#### Directions:
In your copy, include every line of the listing below exactly but none of the pictures.

#### Data for this exercise:
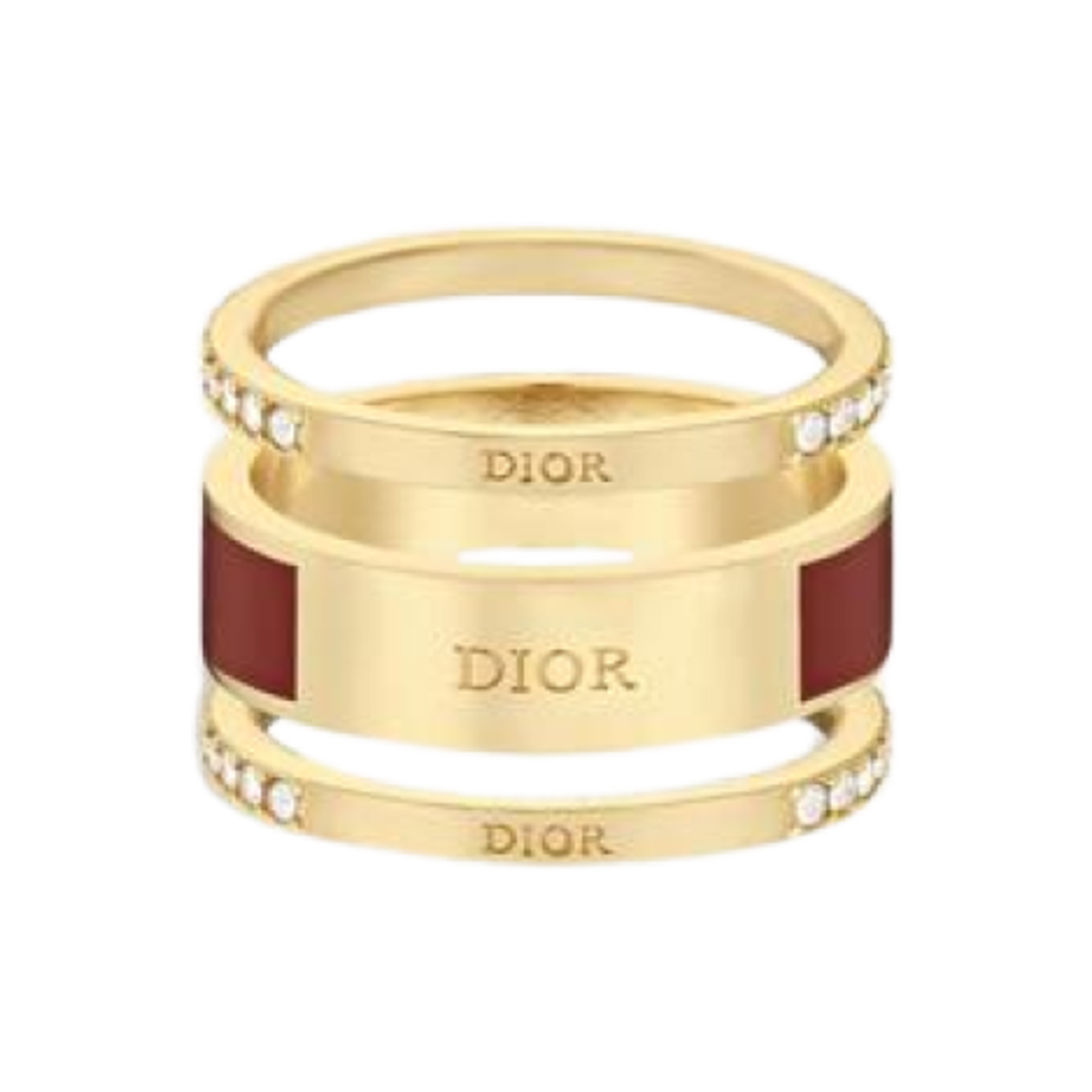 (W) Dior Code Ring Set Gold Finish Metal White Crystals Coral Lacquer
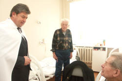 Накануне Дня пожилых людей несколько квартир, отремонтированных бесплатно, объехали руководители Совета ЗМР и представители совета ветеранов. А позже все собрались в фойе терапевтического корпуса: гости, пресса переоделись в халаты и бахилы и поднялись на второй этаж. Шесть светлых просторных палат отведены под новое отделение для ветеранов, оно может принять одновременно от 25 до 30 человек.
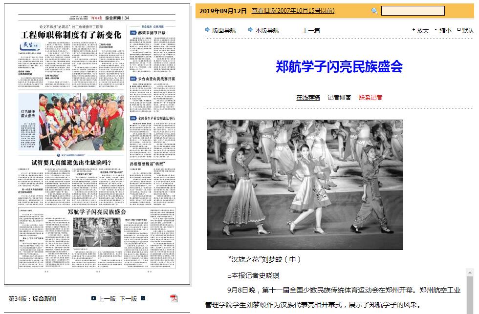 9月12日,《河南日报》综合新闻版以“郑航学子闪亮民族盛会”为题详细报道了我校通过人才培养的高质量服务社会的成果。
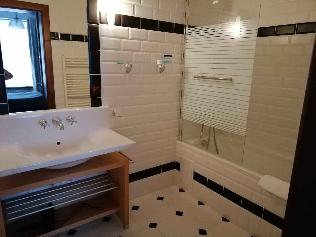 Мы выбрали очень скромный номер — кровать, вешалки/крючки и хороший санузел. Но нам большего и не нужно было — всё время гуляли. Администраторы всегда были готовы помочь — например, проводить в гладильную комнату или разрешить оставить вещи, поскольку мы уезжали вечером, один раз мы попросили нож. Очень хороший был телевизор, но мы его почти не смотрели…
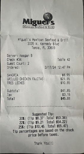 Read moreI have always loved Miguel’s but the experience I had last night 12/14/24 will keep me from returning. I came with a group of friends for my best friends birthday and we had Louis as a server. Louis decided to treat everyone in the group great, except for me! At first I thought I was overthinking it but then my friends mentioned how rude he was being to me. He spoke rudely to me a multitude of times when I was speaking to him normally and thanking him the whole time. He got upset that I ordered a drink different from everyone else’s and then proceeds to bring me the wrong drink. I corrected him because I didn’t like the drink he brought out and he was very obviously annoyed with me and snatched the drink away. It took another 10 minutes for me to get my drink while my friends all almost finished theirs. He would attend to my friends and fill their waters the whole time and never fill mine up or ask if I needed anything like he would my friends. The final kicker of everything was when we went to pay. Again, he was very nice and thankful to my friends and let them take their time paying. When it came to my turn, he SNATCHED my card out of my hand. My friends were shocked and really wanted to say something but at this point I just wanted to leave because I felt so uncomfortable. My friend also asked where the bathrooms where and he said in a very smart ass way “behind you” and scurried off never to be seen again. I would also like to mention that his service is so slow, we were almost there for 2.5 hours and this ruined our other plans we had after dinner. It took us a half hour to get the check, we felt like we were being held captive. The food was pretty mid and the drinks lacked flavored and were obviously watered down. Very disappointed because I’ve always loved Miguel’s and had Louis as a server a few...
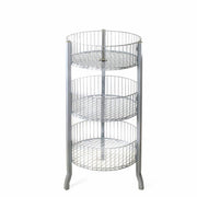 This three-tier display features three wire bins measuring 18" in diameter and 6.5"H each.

#### Written answer:
 (W) Dior Code Ring Set Gold Finish Metal White Crystals Coral Lacquer
 Накануне Дня пожилых людей несколько квартир, отремонтированных бесплатно, объехали руководители Совета ЗМР и представители совета ветеранов. А позже все собрались в фойе терапевтического корпуса: гости, пресса переоделись в халаты и бахилы и поднялись на второй этаж. Шесть светлых просторных палат отведены под новое отделение для ветеранов, оно может принять одновременно от 25 до 30 человек.
 9月12日,《河南日报》综合新闻版以“郑航学子闪亮民族盛会”为题详细报道了我校通过人才培养的高质量服务社会的成果。
 Мы выбрали очень скромный номер — кровать, вешалки/крючки и хороший санузел. Но нам большего и не нужно было — всё время гуляли. Администраторы всегда были готовы помочь — например, проводить в гладильную комнату или разрешить оставить вещи, поскольку мы уезжали вечером, один раз мы попросили нож. Очень хороший был телевизор, но мы его почти не смотрели…
 Read moreI have always loved Miguel’s but the experience I had last night 12/14/24 will keep me from returning. I came with a group of friends for my best friends birthday and we had Louis as a server. Louis decided to treat everyone in the group great, except for me! At first I thought I was overthinking it but then my friends mentioned how rude he was being to me. He spoke rudely to me a multitude of times when I was speaking to him normally and thanking him the whole time. He got upset that I ordered a drink different from everyone else’s and then proceeds to bring me the wrong drink. I corrected him because I didn’t like the drink he brought out and he was very obviously annoyed with me and snatched the drink away. It took another 10 minutes for me to get my drink while my friends all almost finished theirs. He would attend to my friends and fill their waters the whole time and never fill mine up or ask if I needed anything like he would my friends. The final kicker of everything was when we went to pay. Again, he was very nice and thankful to my friends and let them take their time paying. When it came to my turn, he SNATCHED my card out of my hand. My friends were shocked and really wanted to say something but at this point I just wanted to leave because I felt so uncomfortable. My friend also asked where the bathrooms where and he said in a very smart ass way “behind you” and scurried off never to be seen again. I would also like to mention that his service is so slow, we were almost there for 2.5 hours and this ruined our other plans we had after dinner. It took us a half hour to get the check, we felt like we were being held captive. The food was pretty mid and the drinks lacked flavored and were obviously watered down. Very disappointed because I’ve always loved Miguel’s and had Louis as a server a few...
 This three-tier display features three wire bins measuring 18" in diameter and 6.5"H each.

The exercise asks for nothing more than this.